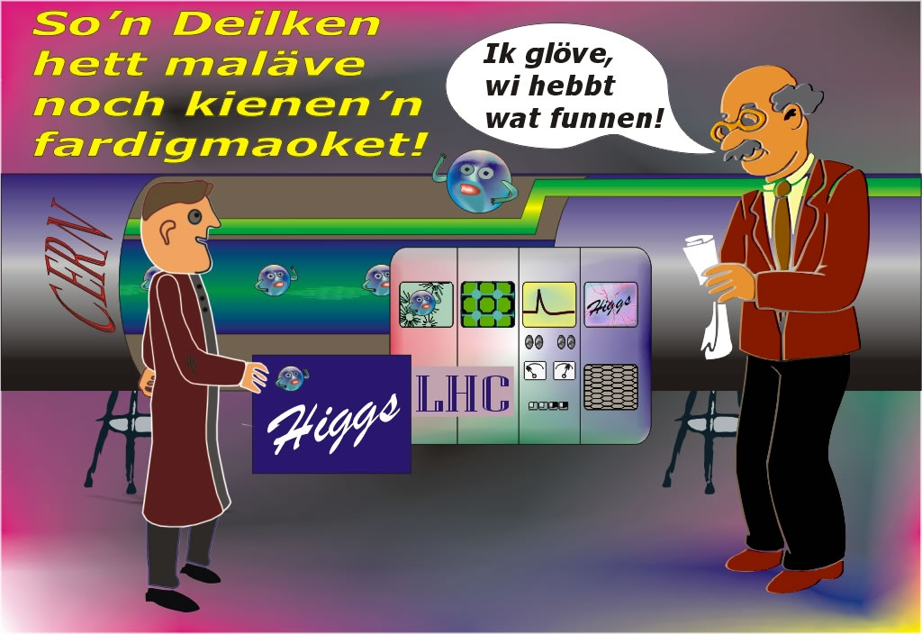 An dat Europäischke Forschkungszentrum CERN hebbet dei Physikers ein Deilken mit eine Masse tüschken 125 bit 126 Giga-Elektronenvolt (GeV) funnen. Et is mutz 134-maol so schwoor as ein Proton. Wohrschienlik is et dat lange söchte Higgs-Deilken. Aover man kann noch nich faste anseggen, wo dat mit dit Deilken nau is.
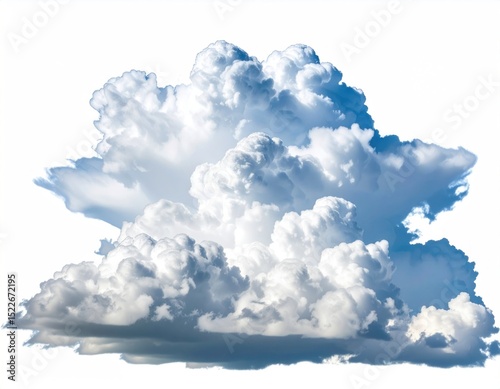 Isolated cumulus cloud, fluffy, brilliant white, ethereal, with a hint of blue on a clean transparent backdrop
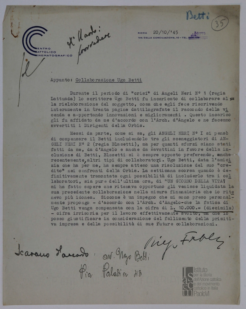"Appunto: collaborazione Ugo Betti", di Diego Fabbri
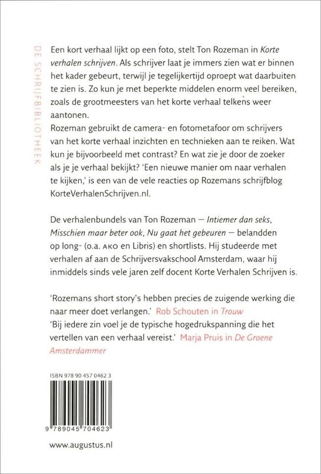 Een kort verhaal lijkt op een foto, beweert Ton Rozeman in Korte verhalen schrijven. Als schrijver laat je immers zien wat er binnen het kader gebeurt, terwijl je tegelijkertijd oproept wat daarbuiten te zien is. Zo kun je met beperkte middelen enorm veel bereiken, zoals de grootmeesters van het korte verhaal telkens weer aantonen.
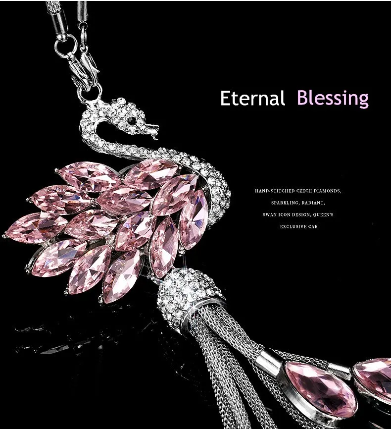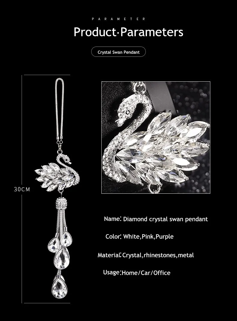 1) Название: хрустальный кулон в виде лебедя 2) Цвет: белый, розовый, фиолетовый 3) Материал: Стразы. Хрусталь 4) Функция: украсьте свой автомобиль 5) Размер: около 32 см
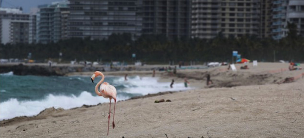 An American flamingo walks along Haulover Beach in Miami Beach, Florida, in 2018. The birds were once native to Florida, but haven't bred in the state for over a century. (photo: Joe Raedle/Getty)
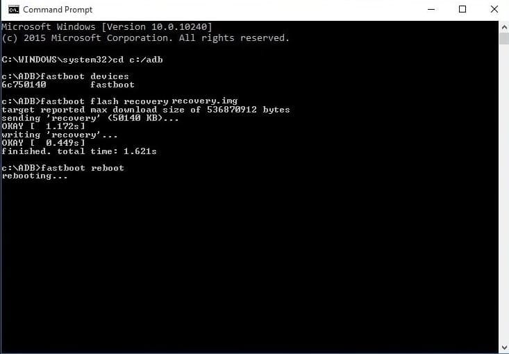 - Flash TWRP và boot vào TWRP: Trên CMD gõ tiếp 2 lệnh sau:
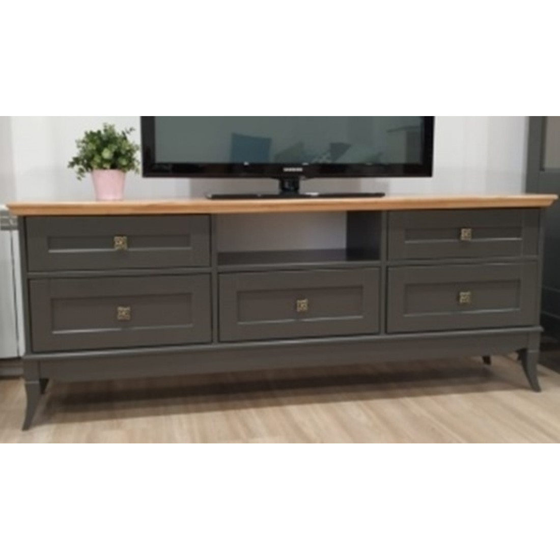 Тумба под телевизор Римини MUR-118-13/5(1) на ножках (RAL 7022) воплощает в себе классические тренды. Сочетание изящных оттенков удачно освежит Ваш интерьер и придаст знакомым формам новое дыхание. Неповторимые легкость и элегантность этой мебели создадут атмосферу тепла и уюта в Вашем доме.
────────
■ What is being asked ■
All that is needed is the exact run of lines from the start of the material above through the one containing "di Diego Fabbri", pictures left out.

■ Response area ■
 An dat Europäischke Forschkungszentrum CERN hebbet dei Physikers ein Deilken mit eine Masse tüschken 125 bit 126 Giga-Elektronenvolt (GeV) funnen. Et is mutz 134-maol so schwoor as ein Proton. Wohrschienlik is et dat lange söchte Higgs-Deilken. Aover man kann noch nich faste anseggen, wo dat mit dit Deilken nau is.
 Isolated cumulus cloud, fluffy, brilliant white, ethereal, with a hint of blue on a clean transparent backdrop
"Appunto: collaborazione Ugo Betti", di Diego Fabbri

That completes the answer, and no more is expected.